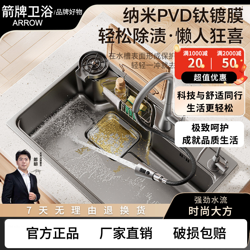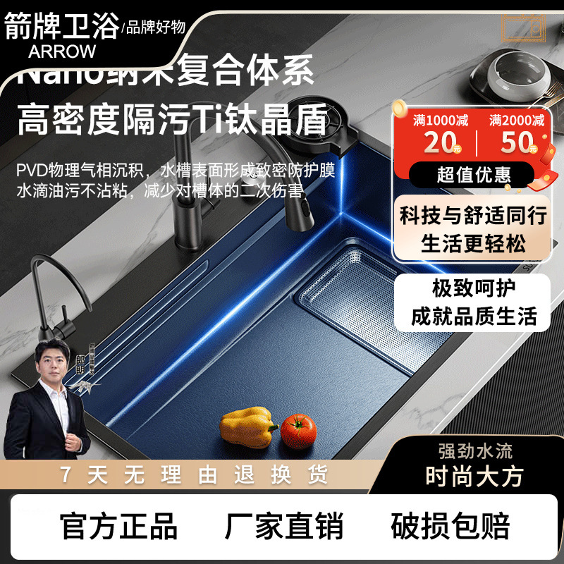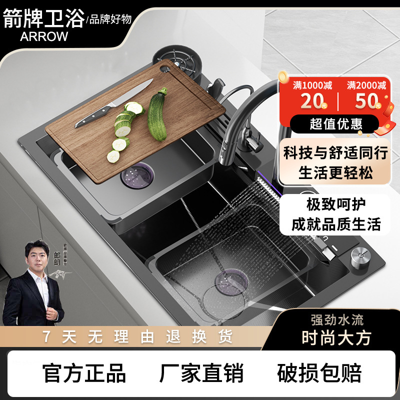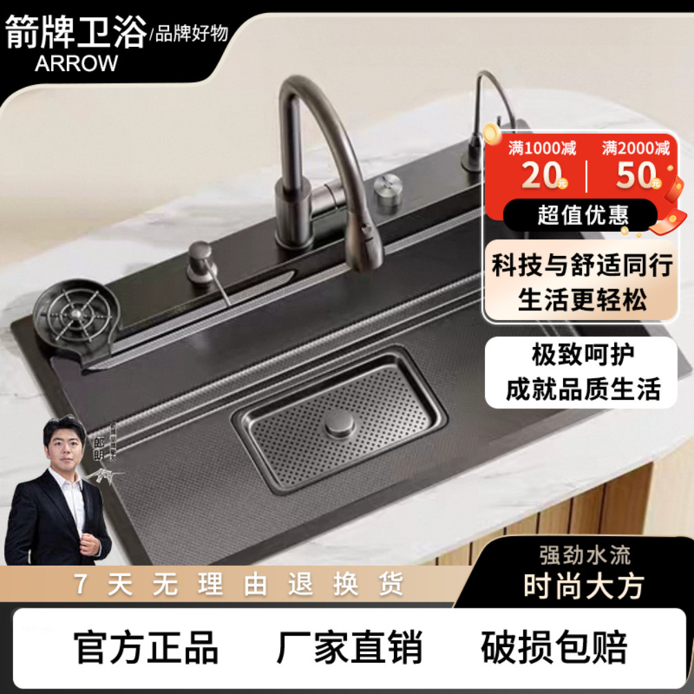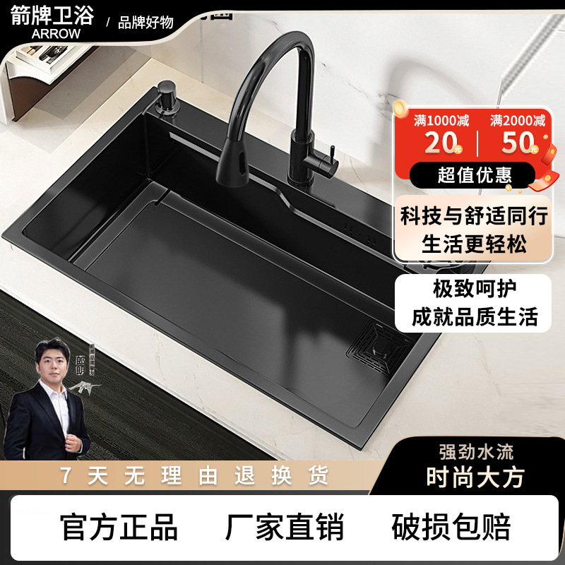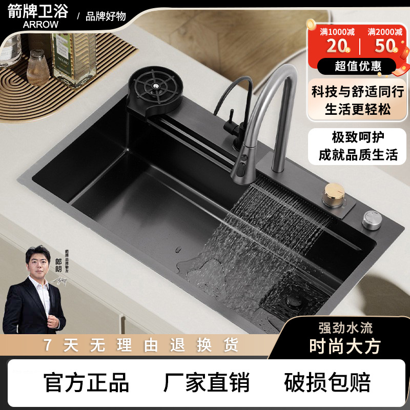 箭᷂牌304不锈钢纳米黑色水槽厨房洗菜飞雨瀑布出水家用厨房大单
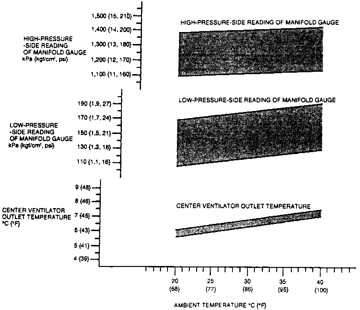 7. Operate A/C system until output temperature stabilizes. Ensure reading on pressure gauge is as follows:
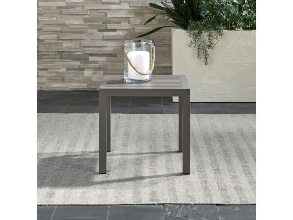 This Plantation Key outdoor end table features weather and rust-resistant Cast Aluminum construction with a Granite finish. It boasts a slatted top that flows into square block legs, perfect for convenient outdoor use.

> _What is being asked_:
Print the material word for word without images.

> _Completed exercise_:
 箭᷂牌304不锈钢纳米黑色水槽厨房洗菜飞雨瀑布出水家用厨房大单
 7. Operate A/C system until output temperature stabilizes. Ensure reading on pressure gauge is as follows:
 This Plantation Key outdoor end table features weather and rust-resistant Cast Aluminum construction with a Granite finish. It boasts a slatted top that flows into square block legs, perfect for convenient outdoor use.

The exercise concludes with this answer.